OK, let's create same quantum circuit in my Julia library.
include("./Juliaqat.jl")
using .Juliaqat
function random_qc(n::Int, depth::Int)
input = Input(n)
Hgates = []
for i in 1:n
push!(Hgates, H(i))
end
apply!(input, Hgates)
for d in 1:depth
CZgates = cz_config(n, d)
apply!(input, CZgates)
Single_gates = single_config(n, d)
apply!(input, Single_gates)
end
return input
end
function cz_config(n::Int, select::Int)
gates = []
if select%2 == 0
for i in 1:2:convert(Int, n)
push!(gates, CZ(i, i+1))
end
return gates
elseif select%2 == 1
for i in 2:2:convert(Int, n-1)
push!(gates, CZ(i, i+1))
end
return gates
end
end
function single_config(n::Int, select::Int)
gates = []
single_gates = [RX, RY, T]
for i in 1:n
if (i + (select-1))%3 == 1
push!(gates, single_gates[1](i, pi/2))
elseif (i + (select-1))%3 == 2
push!(gates, single_gates[2](i, pi/2))
else
push!(gates, single_gates[3](i))
end
end
return gates
end
Note the difference of bit order and indexing between Qiskit and my library.
Run this circuit as following.
n = 30
input = random_qc(n, 8)
device = get_device("UndirectedGraph", zeros(Int, n))

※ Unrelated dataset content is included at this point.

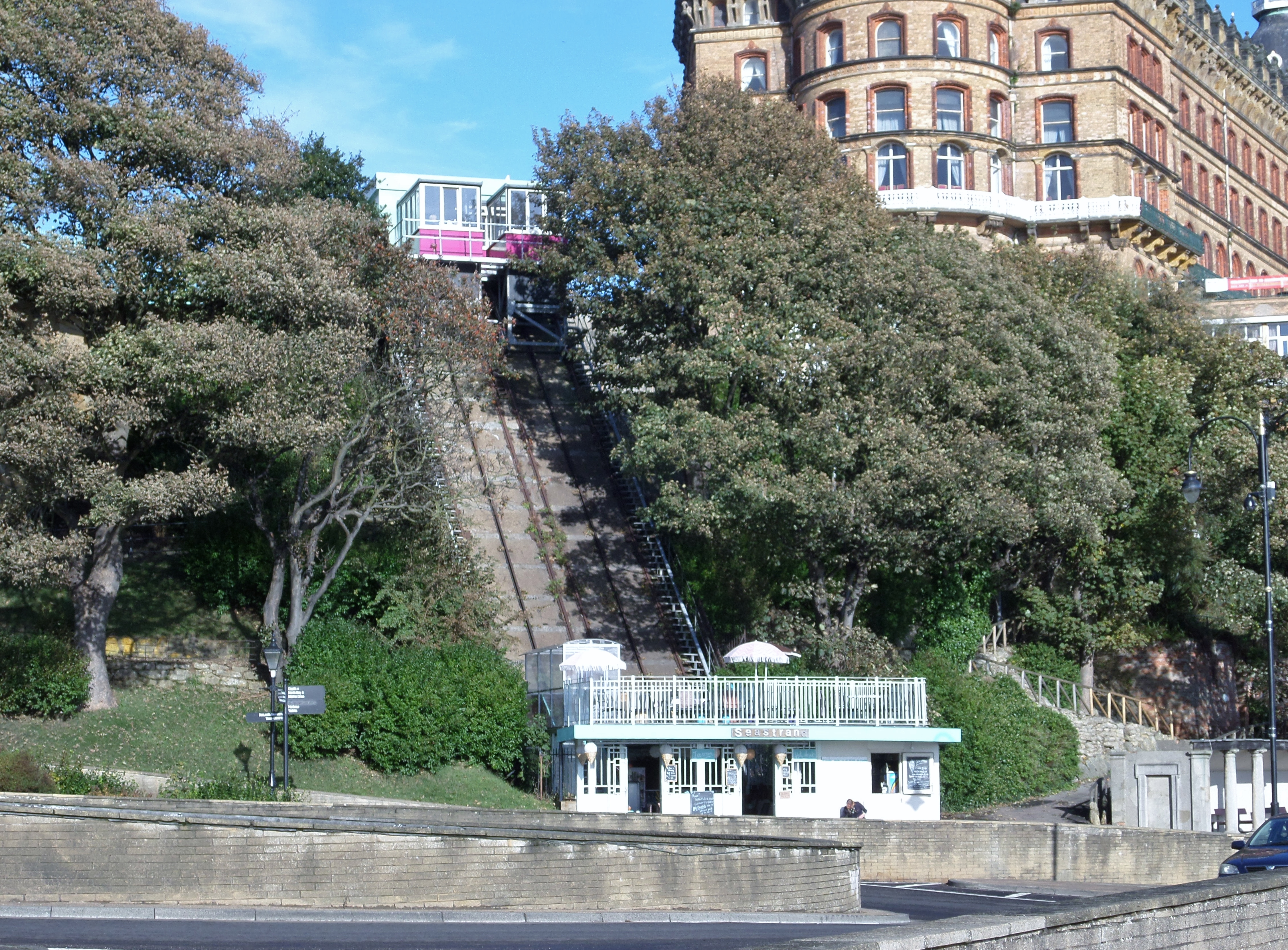 The old St Nicholas Cliff Lift, Scarborough, Yorkshire

@time state = execute(input, device)
Result is following.
"Undirected graph method" calculate only one amplitude of output state vector at once.

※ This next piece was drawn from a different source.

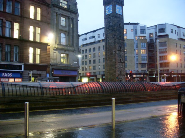 Former Glasgow Cross Railway Station The former station has been disused since 1964, although the platforms still remain on the Glasgow Central Low Level line. There has been recent talk of reopening the station as part of the Glasgow Crossrail project.
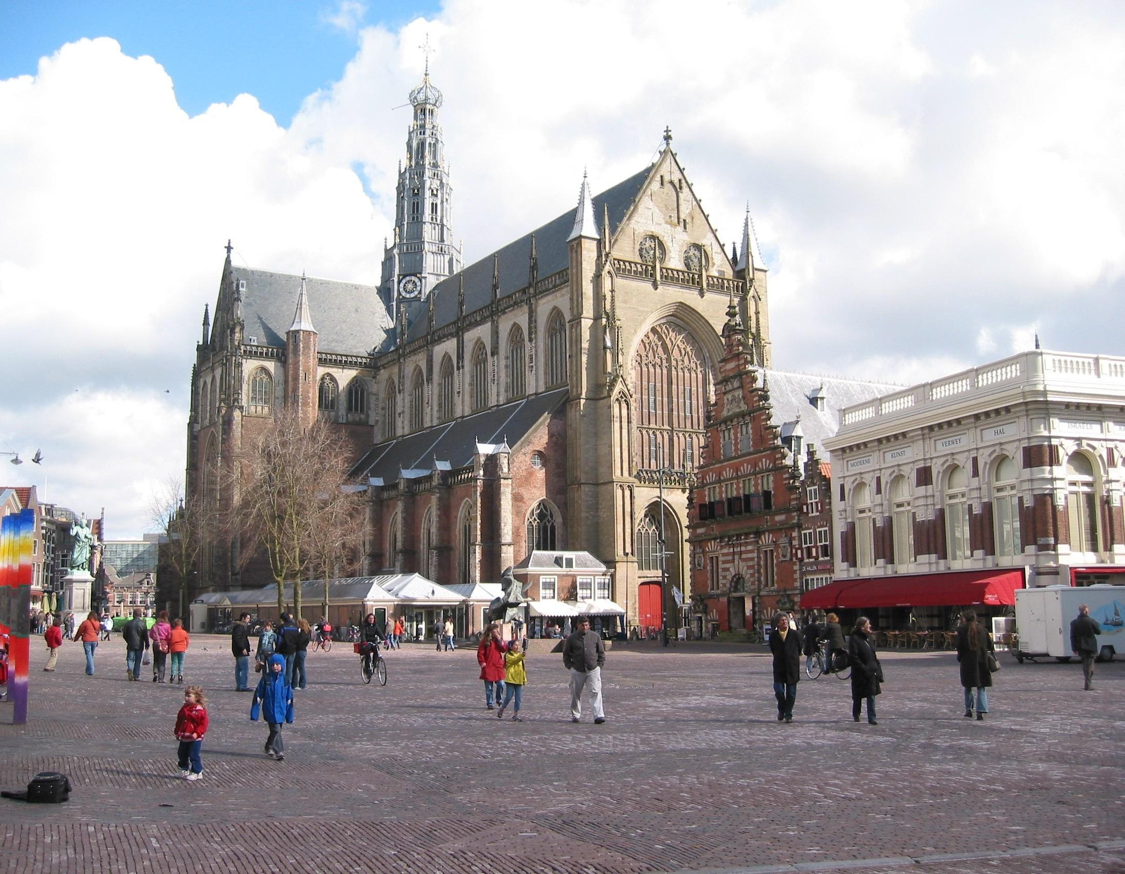 The Grote Markt in Haarlem with the Sint-Bavokerk. On the left the statue of Laurens Janszoon Coster can be seen, on the right is the Vleeshal.

Here I calculate only the amplitude of |00...0>. 2^n times calculation is needed to get full state vector.
0.025648 seconds (202.79 k allocations: 9.007 MiB)
-0.004294803611085845 - 0.0003431775694928119im
Yes, I can get output of 30 qubits complicated quantum circuit with lap-top PC (8GB memory).
As a note, getting full state vector need mach more time (2^n times of 25 ms in this case).
In addition, if the sufficient memory is given, Qiskit's "statevector_simulator" is much more faster.
"Undirected graph method" can relax the memory restriction but it not always equal to fast calculation.
Consequently, correct choice of state vector simulators and tensor network based simulators can push up the limitation of QC simulation with classical computer.